About Large Hadron Collider
The Large Hadron Collider (LHC) is a particle accelerator complex intended to collide opposing beams of 7 TeV protons. Its main purpose is to explore the validity and limitations of the standard model, the current theoretical picture for particle physics. This model is known to break down at a certain high energy level.
The LHC is being built by the European Organization for Nuclear Research (CERN), and lies under the Franco-Swiss border near Geneva, Switzerland. The LHC will become the world's largest and highest-energy particle accelerator. It is funded and built in collaboration with over two thousand physicists from thirty-four countries as well as hundreds of universities and laboratories.
The collider is currently undergoing commissioning while being cooled down to its final operating temperature of approximately 2 K (−271.15 °C). The first particle beams are due for injection in August 2008, with the first collisions planned to take place about two months later.
When activated, it is theorized that the collider will produce the elusive Higgs boson, the observation of which could confirm the predictions and "missing links" in the Standard Model of physics and could explain how other elementary particles acquire properties such as mass. The verification of the existence of the Higgs boson would be a significant step in the search for a Grand Unified Theory, which seeks to unify three of the four known fundamental forces: electromagnetism, the strong nuclear force and the weak nuclear force, leaving out only gravity. The Higgs boson may also help to explain why gravitation is so weak compared to the other three forces. In addition to the Higgs boson, other theorized novel particles that might be produced, and for which searches are planned, include strangelets, micro black holes, magnetic monopoles and supersymmetric particles.

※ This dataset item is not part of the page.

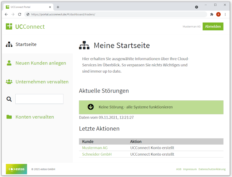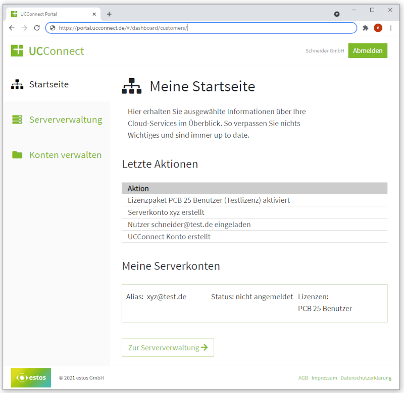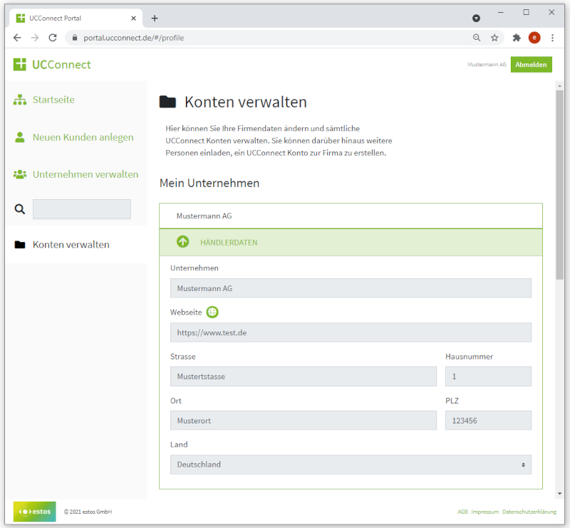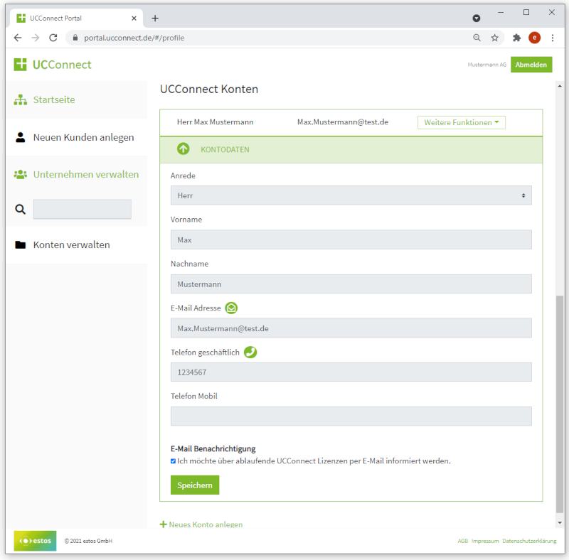 Beispiel Screenshot: UCConnect Konten verwalten - Mein Unternehmen

The collider is contained in a circular tunnel with a circumference of 27 kilometres (17 mi) at a depth ranging from 50 to 175 metres underground.[6] The 3.8 metre diameter, concrete-lined tunnel, constructed between 1983 and 1988, was formerly used to house the LEP, an electron-positron collider. It crosses the border between Switzerland and France at four points, although most of it is in France. Surface buildings hold ancillary equipment such as compressors, ventilation equipment, control electronics and refrigeration plants.
The collider tunnel contains two adjacent beam pipes, each containing a proton beam (a proton is one type of hadron). The two beams travel in opposite directions around the ring. Some 1232 bending magnets keep the beams on their circular path, while an additional 392 focusing magnets are used to keep the beams focused, in order to maximize the chances of interaction between the particles in the four intersection points, where the two beams will cross. In total, over 1600 superconducting magnets are installed, with most weighing over 27 tonnes. Approximately 96 tonnes of liquid helium is needed to keep the magnets at the operating temperature, making the LHC the largest cryogenic facility in the world at liquid helium temperature.
About LHC Computing Grid
The LHC Computing Grid is a distribution network designed by CERN to handle the massive amounts of data produced by the Large Hadron Collider (LHC). It incorporates both private fiber optic cable links and existing high-speed portions of the public Internet.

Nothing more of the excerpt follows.